His murderer, Mark David Chapman, then stood and waited for the police to arrive after Lennon’s doorman wrestled the gun from his hand.

The following day, on Tuesday, October 9th, the news had already spread across the world.

Wright returned to his office to find a handwritten letter from Lennon in response to the telegram he originally sent to the Beatle. He said he “still had” the memo before recalling what it said, verbatim.

Lennon wrote to Wright: “Here, I’m living with Yoko [Ono] at The Dakota apartments. I’d love to do it, phone me,” alongside a private phone number for the photographer to follow up with.

The journalist clarified: “He sent it to me on the Sunday, the day before he was murdered.”

As a lifelong friend of Lennon, Wright was naturally devastated by the news of the star’s death. He recalled he had to take some time away from his workplace to come to terms with what had happened.

Wright said: “I took the written transcription, and I just went down the corridor, I went to the gent’s bog and I cried my bl***y eyes out. I lost a good mate. He never forgot the kid on the bike.”

On the night he was attacked, Lennon was rushed to the Roosevelt Hospital. When he arrived he was not breathing and had no pulse. He was pronounced dead on arrival at 11:15pm on December 8, 1980.

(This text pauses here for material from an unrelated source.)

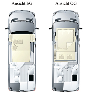The new layout brings together the advantages of the previous generations of the James Cook: the living area is made up of a bench seat and the swivelled front seats while the rear section (viewed in the direction of travel) comprises the washroom and wardrobe on the left and the kitchen on the right. Innovative technology has always been one of the hallmarks of the James Cook and the new generation is no exception: there is the bench seat/bed unit, an all-new, patented design with a new pivoting mechanism and a bed with a sprung base; a hot-water-based heating system with convectors which can be complemented with optional underfloor heating (available in the first half of 2007); combined glass/plastic side windows and the elegant high roof of the James Cook Classic with an integrated awning: as always, the new James Cook sets new standards.

Lennon’s death sent shockwaves around the world. After the news was announced, Lennon’s widow Yoko submitted a statement telling of a vigil for the late star.

The statement read: “There is no funeral for John. Later in the week, we will set the time for a silent vigil to pray for his soul. We invite you to participate from wherever you are at the time … John loved and prayed for the human race. Please pray the same for him. Love. Yoko and Sean.”

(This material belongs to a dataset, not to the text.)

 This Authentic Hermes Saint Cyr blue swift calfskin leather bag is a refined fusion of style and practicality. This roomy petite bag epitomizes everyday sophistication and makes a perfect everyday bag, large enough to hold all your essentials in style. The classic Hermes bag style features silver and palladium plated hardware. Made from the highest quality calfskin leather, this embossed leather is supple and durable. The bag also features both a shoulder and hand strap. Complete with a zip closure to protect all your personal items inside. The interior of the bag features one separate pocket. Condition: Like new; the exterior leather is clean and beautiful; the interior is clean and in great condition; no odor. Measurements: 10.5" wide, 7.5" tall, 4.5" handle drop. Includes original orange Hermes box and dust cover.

George Harrison also released a statement: “After all we went through together, I had and still have great love and respect for him. I am shocked and stunned. To rob a life is the ultimate robbery in life. The perpetual encroachment on other people’s space is taken to the limit with the use of a gun. It is an outrage that people can take other people’s lives when they obviously haven’t got their own lives in order.”

Lennon’s 1981 album Double Fantasy went on to win the Grammy Award for Album of the Year.